Last week I spent a quiet, cozy day inside, listening to the wind bluster down the chimney and watching the sun push in and out of the clouds that scudded overhead. The scent of early morning ironing still filled the air as I sat and worked on the taxes. And then it was upstairs to tidy the bedroom, fluff pillows and put the ironed pillowcases and clothes away. Then back downstairs to dust.
There are piles of books everywhere in this house it seems! But then that is the usual state of affairs in any home I live in. But I may have actually found a narrow strip of wall space in the den to put another book case. I'll have to measure to make sure and then see what I can find. There's a lovely old mahogany book case in the attic although how the previous tenants got it there is a complete mystery since I’ve tried twice to bring it downstairs and it simply will not fit down the stairwell. It's a shame, really, as it would look really beautiful in the house and would give me much needed space for all the lovely books that as yet have no home.

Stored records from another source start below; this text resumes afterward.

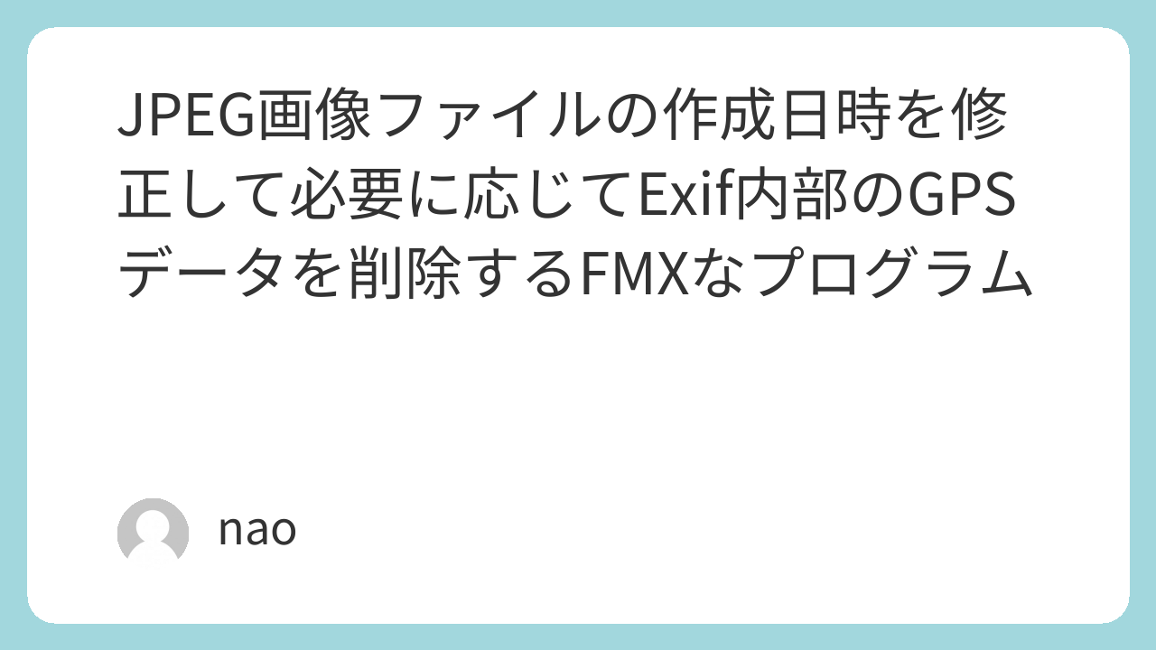 上記前記事で紹介したプログラムをD&D対応にします。既にフォームは提示済みなので、Unit1.hとUnit1.cppを提示します。他にexif.cppとかexif.hが必要です。(自分で修正を加える必要があります。)
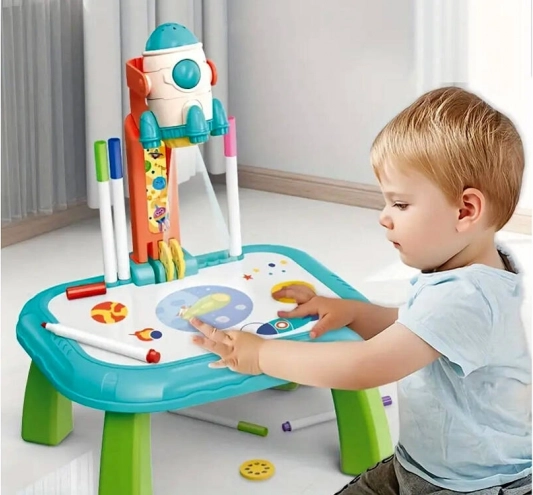 Il braccio del proiettore è regolabile in altezza e in angolazione per un disegno confortevole. Scegliete tra i dischi tematici – spazio, animaletti, veicoli o mondo sottomarino – e lasciate che i piccoli artisti scoprano nuovi soggetti. In modalità notturna il proiettore proietta stelle su parete o soffitto, una coccola anche prima della nanna.
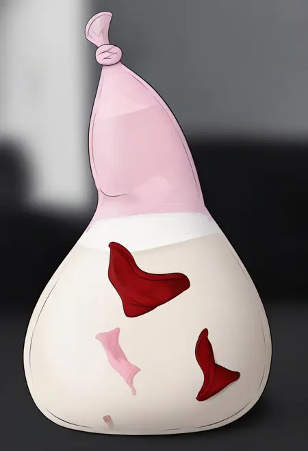 main tags: condom disposal, clothes inside condom, condom focus, tied condom, white translucent cum, red shirt floating inside condom, black bra floating inside condom, photo on condom, photo(black furry cat boy) name:"sam❤️", pink condom,
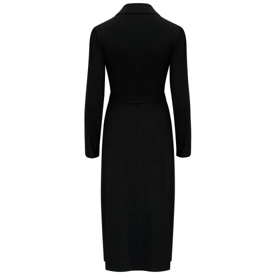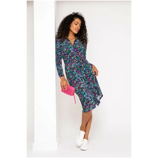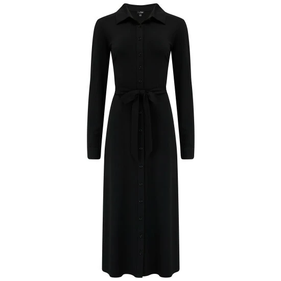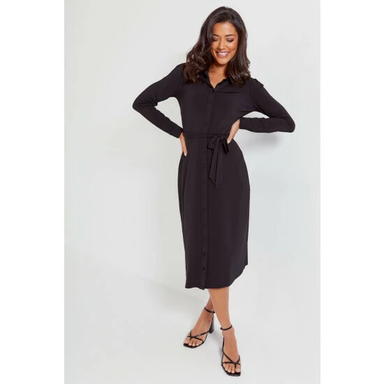 Comfortable and stylish, you can t go wrong in the Bailey Slinky Jersey Midi Shirt Dress. Designed with D+ in mind, so you never have to compromise on style. This long sleeve button through shirt dress is finished with cuff button detailing and fabric belt for ultimate comfort. This midi length style looks great paired with your favourite boots and jacket. We take the impact that our business has on the planet seriously that is why our Bailey Slinky Jersey Midi Shirt Dress is made from recycled materials.
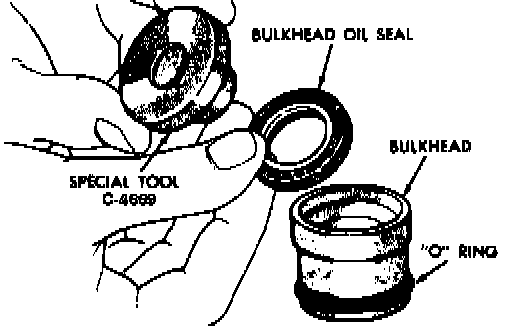 4. Coat all seals with automatic transmission fluid then, assemble new O-ring onto bulkhead followed by new oil seal using tool No. C-4669.
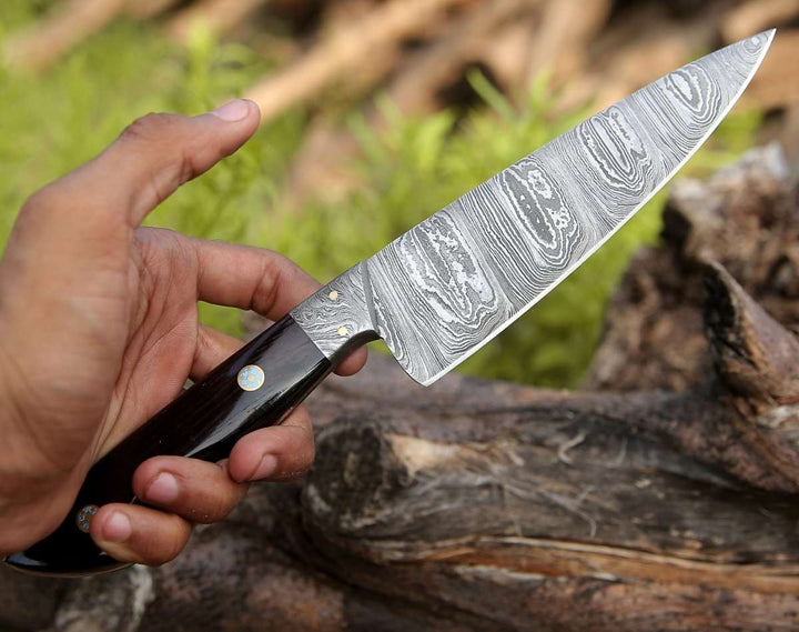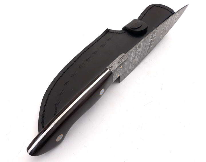 Cada cuchillo está hecho a mano con meticulosa atención al detalle, con una hoja de 6 pulgadas y un mango estabilizado de madera exótica de wengué.

I balled up some yarn later in the day, a beautiful grey and cream striped wool that I bought last autumn. I'm not certain yet what I'll make with it, but it was nice to handle it and wonder. Whenever I have new yarn it's always a slow process deciding what to do with it, sitting and holding it my hand and trying to imagine how it will look as a hat or mittens or a scarf or shawl. It's almost as if I'm conjuring its destiny or hoping it will tell me how it wants to be used: "What would you like to be, hmmm..?"

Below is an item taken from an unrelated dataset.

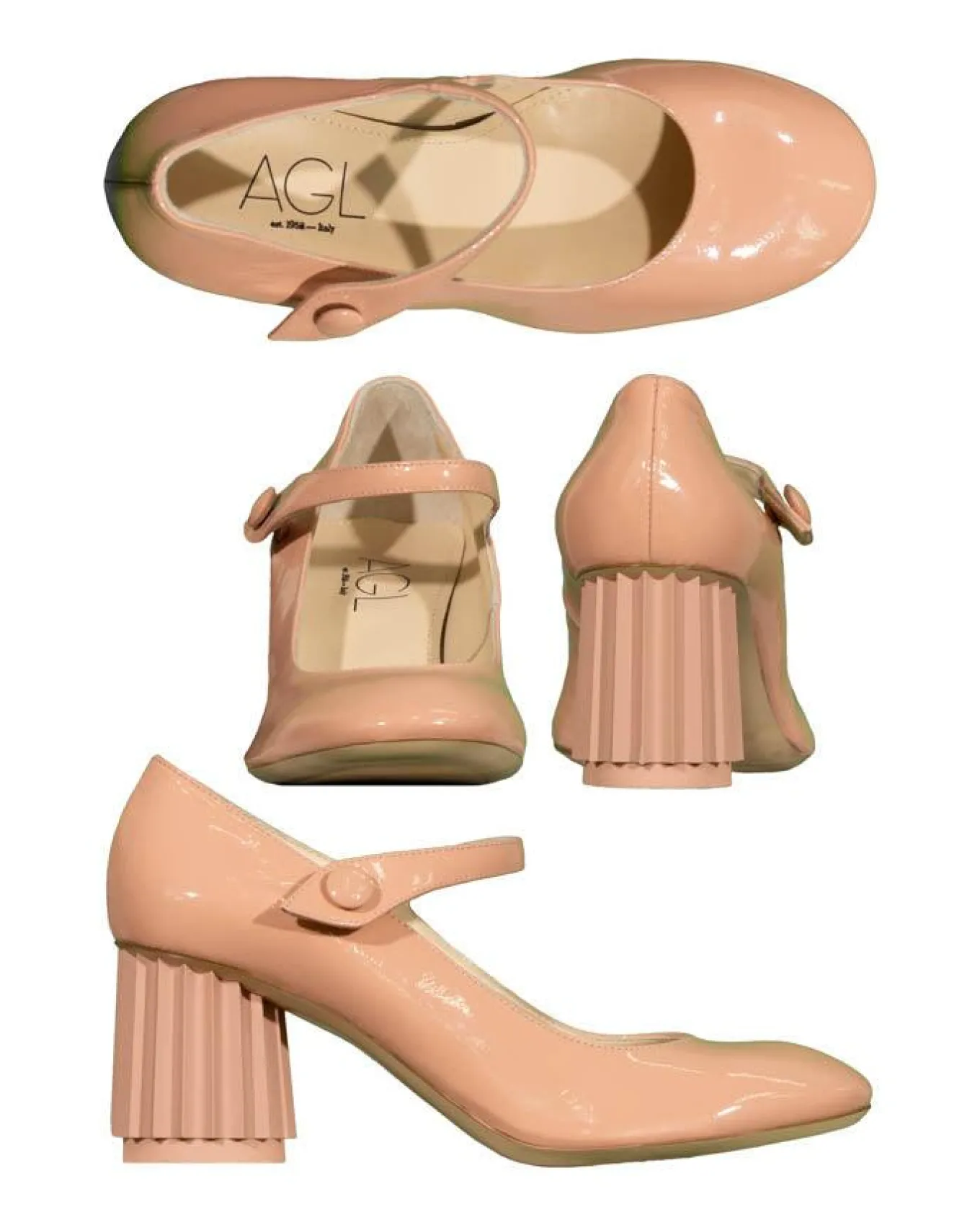 AGL ankle strap pump with girlish charm elevated by the designed mid-height Doric column heel and decorative little side button. Shoe can be slipped on thanks to the elastic hidden under the ankle strap. Patent lambskin upper, shock-absorbing insole with activated charcoal, leather sole with rubber insert, 6.5cm heel.

Despite the unseasonably mild weather, the batch of brilliantly sunny days here and there, and the odd brave daffodil, February was still such a dreary time of year for the garden, with everything bare and no particular natural 'theme' to bring into the house. In spring and autumn it's always easy to put things around reminiscent of the season: the first batch of violets and lily of the valley, or the russet tones of andromeda mixed with rudbeckia seedheads. Summer means bringing armloads of roses, evening primrose, loosestrife and hosta leaves into the cottage. And of course the Christmas holidays are the perfect time to "deck the halls" with holly, ivy, and pine boughs. But late-winter can be so bleak: Christmas is past, Spring is still weeks away, and everything in nature seems to come to an anticipatory standstill.
Ah, but March is different and I'm able to enjoy miniature daffodils blooming in the large "flow blue" basin in my dining room, a sprig of Andromeda in a small vase on the kitchen counter, and a lovely Wedgwood vase of Forsythia that I forced. (My annual "let's fool Mother Nature" trick!) There are crocus and myrtle pushing up in the garden beds, and now that last week's wind has finally abated I've put my ivy wreath back on the door. (I had to chase it through the garden in my nightdress one night last week!)
I could hear the old rusted camel bells ringing in the garden this morning, as if calling out to me to bring all my wind chimes back outside. They seems to know it's spring .. as if they can see the squirrels and birds bustling, and the return of greenery, and they're as eager as I am for those lazy, verdent days when late spring and early summer breezes create a sweet symphony of tinkling bells and chimes throughout the garden.